Henry helped Kate and Jack choose presents for Benedict and Camilla, and Diana helped Benedict and Camilla choose presents for Kate and Jack. All the children had stockings, filled with things of such careful originality that it didn’t strike even Benedict how cheap they were. Christmas dinner was good, and the children played Monopoly, which goes on a long time, which was a good thing. Benedict won, which was fortunate, as he was the one to whom it was most important to win. Major incidents and tears were miraculously avoided, and in the evening they watched
Christmas Night With the Stars
, which went on a long time, which was a good thing, and included Petula Clark, which set Henry wondering what sort of Christmas Count Your Blessings was having. Then they had cold ham and turkey, and then they watched
Some Like It Hot
, which went on a long time, which was a good thing.

The newsroom of the
Thurmarsh Chronicle
and
Argus
throbbed with painful memories. The reporters attacking their typewriters with feverish urgency, the shirt-sleeved sub-editors searching for snappy headlines round the subs’ table, the news editor isolated like the conductor of an orchestra at his paper-strewn desk between the
reporters
and the subs. The long rows of windows were as streaked with grime as ever, save for one. A window-cleaner on a cradle was just about to attack a second window. Henry couldn’t imagine what the room would look like without its grimy windows.

An impossibly young reporter was seated at his old desk. It wasn’t only policemen who were looking younger, now that Henry was thirty-three.

He made a drinking mime to Ted and Colin as he passed through, and they nodded enthusiastically.

He entered Interview Room B. Helen was wearing a short skirt and had her legs crossed. The blood had drained from her right knee.

‘Sorry I’m a bit late,’ he said. ‘Anthracnose at Maltby.’

‘What?’

‘I have a new job. I thought it might interest you.’

‘Aren’t you going to kiss me?’

‘Oh … er … here?’

‘Nobody’s watching except the pigeons.’

Henry tried to give Helen a polite kiss on the cheek. She reached for his mouth and plonked a great kiss on it, lips working hungrily. She’d been eating butterscotch.

A row of pigeons, puffed up against the approaching night, watched from a slate roof sprinkled with snow and showed no curiosity whatsoever.

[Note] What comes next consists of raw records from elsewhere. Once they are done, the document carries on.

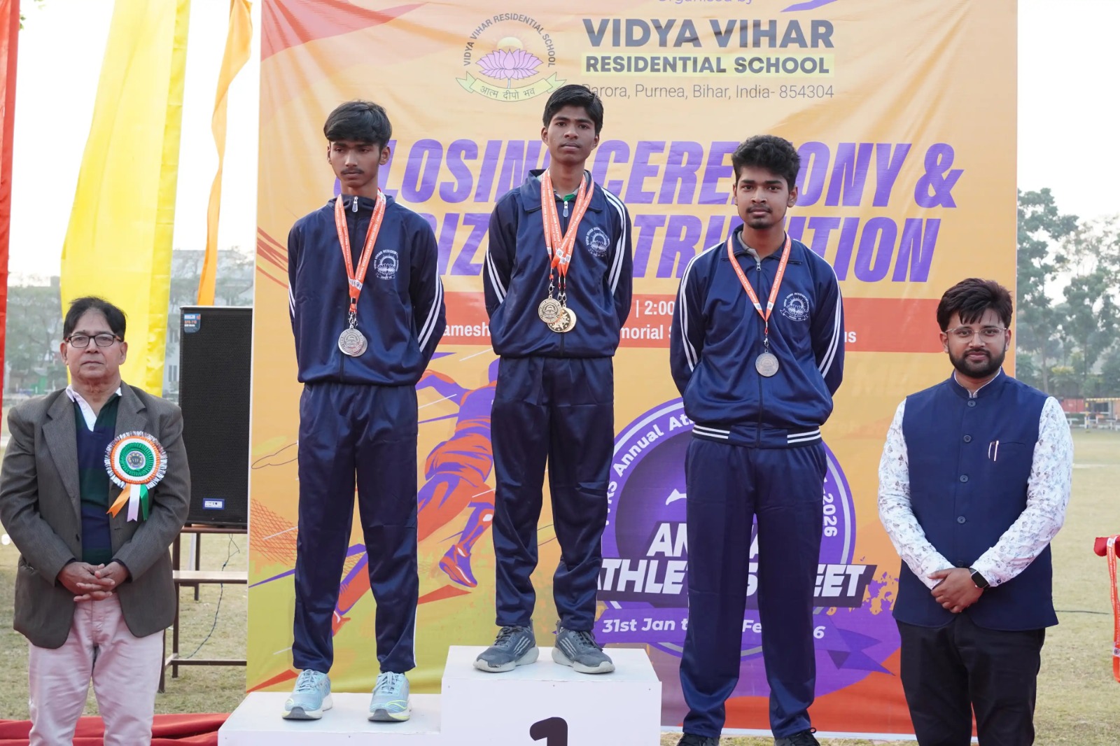 विद्यालय के खेल एवं शारीरिक शिक्षा विभाग की टीम— अमित लकड़ा (HOD), वेद प्रकाश भगत, देबाशीष सरकार, विजयलक्ष्मी, नंद किशोर यादव, अनामिका रजक, मोहम्मद शादाब अकरम, अभिषेक चौधरी, प्रज्ज्वल चौधरी एवं सभी शिक्षक गण ने आयोजन को सफल बनाने में महत्वपूर्ण भूमिका निभाई। विद्या विहार आवासीय विद्यालय ने इस आयोजन के माध्यम से एक बार फिर सिद्ध किया कि वह शिक्षा के साथ-साथ खेलों के क्षेत्र में भी उत्कृष्टता के नए मानक स्थापित कर रहा है।
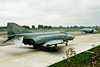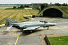 Eine F-4F Phantom auf dem Weg zu ihrer Parkposition vor einem Shelter.
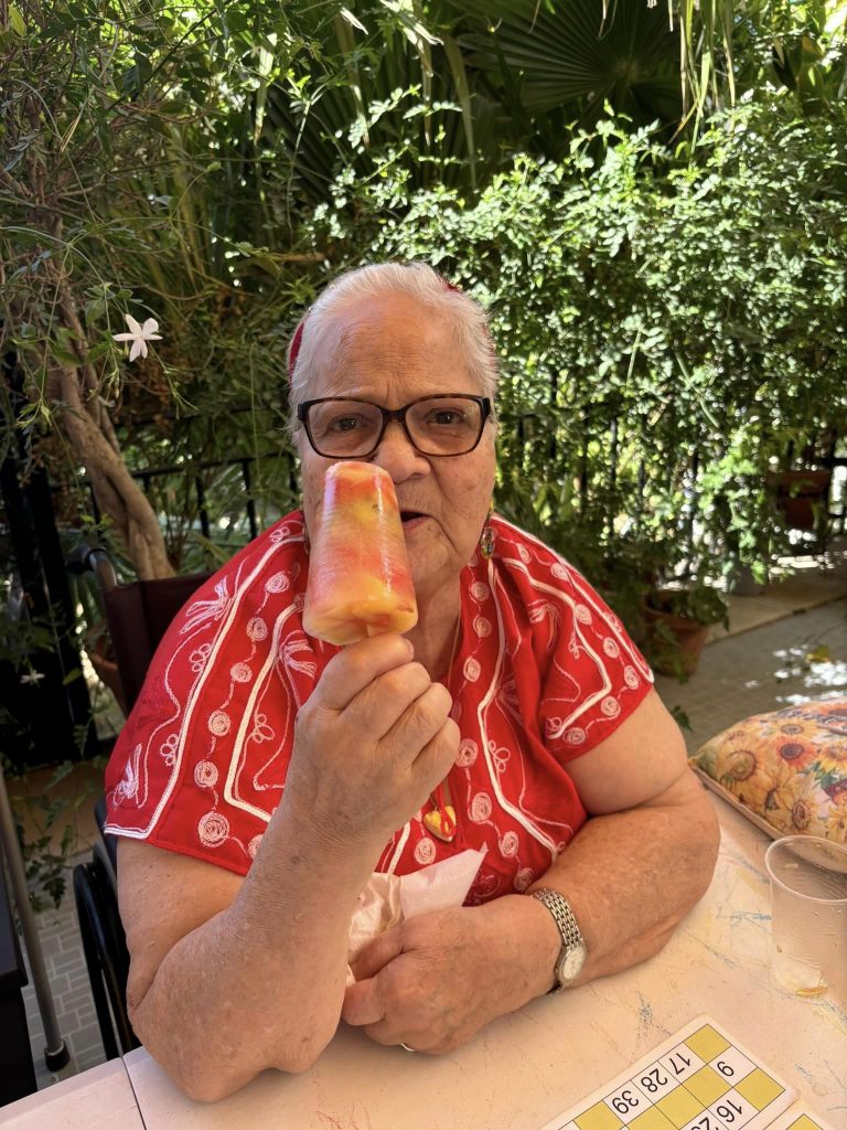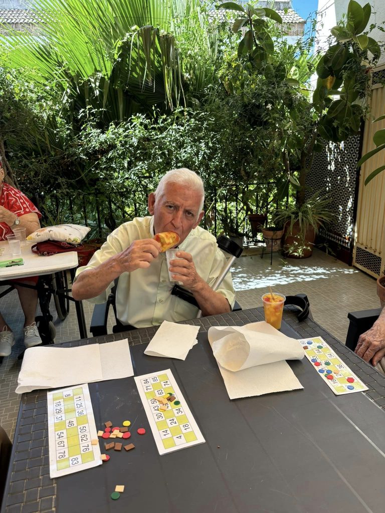 Hoy disfrutamos de una mañana fresquita en nuestro patio jugando al bingo y degustando los polos de frutas que realizamos en el taller de cocina del pasado miércoles que han quedado buenísimos!

‘That’s better,’ said Helen. ‘I wondered if you’d gone off me.’

‘I’m a happily married man,’ said Henry.

‘I know. I’ve met your wife.’

‘You were pretty sniffy that night.’

‘Was I? Maybe I was disappointed that you hadn’t turned to me after your marriage broke up. You know I’m not happy with Ted.’

‘What? I did turn to you, and you said you weren’t suddenly going to be available when I was on my own. “A girl has her pride,” you said.’

‘Well, exactly. I wanted to be wooed, and chased. You could have pursued me.’

‘I like Ted.’

‘Ted would have been thrilled if I’d gone off with you. He’d have married Ginny, which he should have done all along, and everyone would have lived happily ever after. Too late now.’